Imaging Studies for patients with Polycystic Kidney Disease (PKD) on Hemodialysis
The diagnosis of ADPKD varies depending on the stage of the disease. Once the disease has fully developed, diagnosis relies on the clinical assessment involving the patient's medical history and physical examination. However, establishing a definite diagnosis can be challenging due to the presence of similar symptoms in other disorders. Therefore, additional methods such as diagnostic imaging and genetic testing play a crucial role in confirming the diagnosis.
Imaging technologies like ultrasound, computed axial tomography, and nuclear magnetic resonance are employed to identify cysts in the kidneys, liver, or pancreas. Magnetic resonance imaging has demonstrated higher sensitivity to ultrasound, enabling measurements like height-adjusted total kidney volume and providing clearer cyst definition without the need for contrast agents.
Yet, these imaging procedures come at a significant cost and are often omitted for certain subsets of the ADPKD population, such as young individuals at risk or patients with atypical or newly occurring renal cystic disease. In these cases, genetic testing serves as the definitive approach.

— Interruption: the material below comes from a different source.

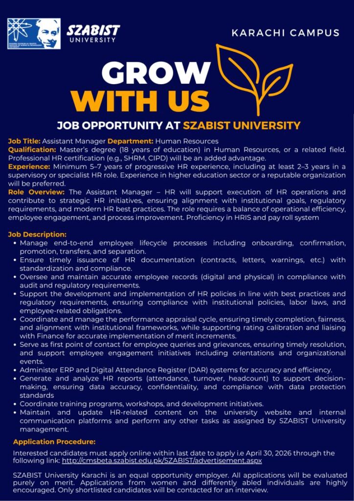 Apply for Assistant Manager HR job in Karachi 2026 at a leading university. Master’s in HR with 5–7 years experience required. Deadline April 30.

Criteria for Diagnosing PKD:
Current screening criteria states:
- Two or more cysts as diagnostic for individuals ages less than 59
- A minimum of four cysts in each kidney for older at-risk individuals.
The finding of fewer than two cysts in each kidney is sufficient to exclude the disease in people who are 30 or older.
Disclaimer: The UCLA Health System cannot guarantee the accuracy of such information. The information is provided without warranty or guarantee of any kind. Please speak to your Physician before making any changes.